我們在之前的任務同步中，遇到的問題便是日期的修改很麻煩，因此我們需要一個更加簡單的方式來進行日期的批量更新。在我們上面的調度腳本中，包含了對日期表達式的解析，我們自定義了一種時間的表達式$[yyyyMMddHHmmss+/-N_Y] 通過解析該表達式，我們可以生成需要的任意時間，該時間表達式的含義為：

yyyy 表示年份
MM 表示月份
dd 表示日期
HH 表示24進制小時
mm 表示分鐘
ss 表示秒
- 表示當前時間加上N
- 表示當前時間減去N
_Y 表示加減的單位，可以是YMdHms(年、月、日、時、分、秒)

通過對該表達式的解析，我們可以生成相對于當前之前或之后的任何格式的時間字符串，將其用于同步的where條件中，既可以完成針對時間的解析。

如何更新日期

日期目前可以計算，但是我們需要能夠批量修改配置文件中的WHERE條件中的時間表達式，如我們想同步8天前的數據，我們就需要將腳本中的表達式修改為$[yyyyMMdd-8_d] ,即代表當前時間減去8天，這樣我們就可以同步八天前那一天的數據，但是我們可能想同步從8天氣到現在的所有數據，那么我們希望我們也能批量修改where表達式中的條件，如將=改為>=。

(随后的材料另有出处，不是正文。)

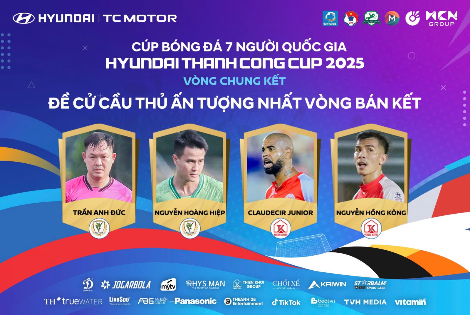 Bình chọn cầu thủ ấn tượng nhất Bán kết Vòng Chung kết Cúp bóng đá 7 người Quốc gia Hyundai Thành Công Cup 2025.

鑒于以上的需求，我們開發了一個新的Python腳本，通過簡單的配置，即可一次修改所有腳本中的where條件中的表達式，這樣，我們只需要執行兩個腳本，就完成了一切，再也不需要依次修改執行10個工作流了。

import json
import os
import logging
from typing import List, Mapping
import re
from datetime import datetime, date


def list_files_in_directory(directory_path: str) -> List[str]:
    """
    獲取目錄下的所有以.json結尾的文件
    :param directory_path: 目錄
    :return: 文件列表
    """
    entries = os.listdir(directory_path)
    # 過濾出所有文件
    files = [entry for entry in entries if
             os.path.isfile(os.path.join(directory_path, entry)) 
             and entry.endswith(".json")]
    logging.info(f"讀取配置文件數量：{len(files)}")
    return files


def read_file_content(file_path: str) -> str:
    """
    讀取文件內容
    :param file_path: 文件路徑
    :return: 文件內容
    """
    with open(file_path, 'r', encoding='utf-8') as file:
        content = file.read()
    return content


def read_all_files_in_directory(directory_path: str) -> Mapping[str, str]:
    """
    讀取文件夾下面的所有文件的內容
    :param directory_path: 文件夾路徑
    :return: 內容map
    """
    logging.info(f"開始讀取所有的配置文件信息")
    files = list_files_in_directory(directory_path)
    file_contents = {}
    for file in files:
        file_path = os.path.join(directory_path, file)
        content = read_file_content(file_path)
        file_contents[file] = content
    sorted_items = sorted(file_contents.items())
    sorted_dict = dict(sorted_items)
    return file_contents


def parse_where_sql(where_sql: str, sub_day: int, comparator: str = None) -> str:
    """
    解析where語句
    :param where_sql: 原始where語句
    :param sub_day: 天數
    :param comparator: 比較符  包括 = != > < >=   <=
    :return: 轉換之后的where語句
    """
    # 定義支持的類型 $[yyyyMMdd+N_Y]  $[yyyyMMdd-N_Y]
    # 正則表達式模式
    pattern = r'\$(\[.*?\])'
    matches = re.finditer(pattern, where_sql)
    for match in matches:
        matched_text = match.group(1)
        new_search = calc_datetime(matched_text, sub_day)
        where_sql = where_sql.replace(matched_text, new_search)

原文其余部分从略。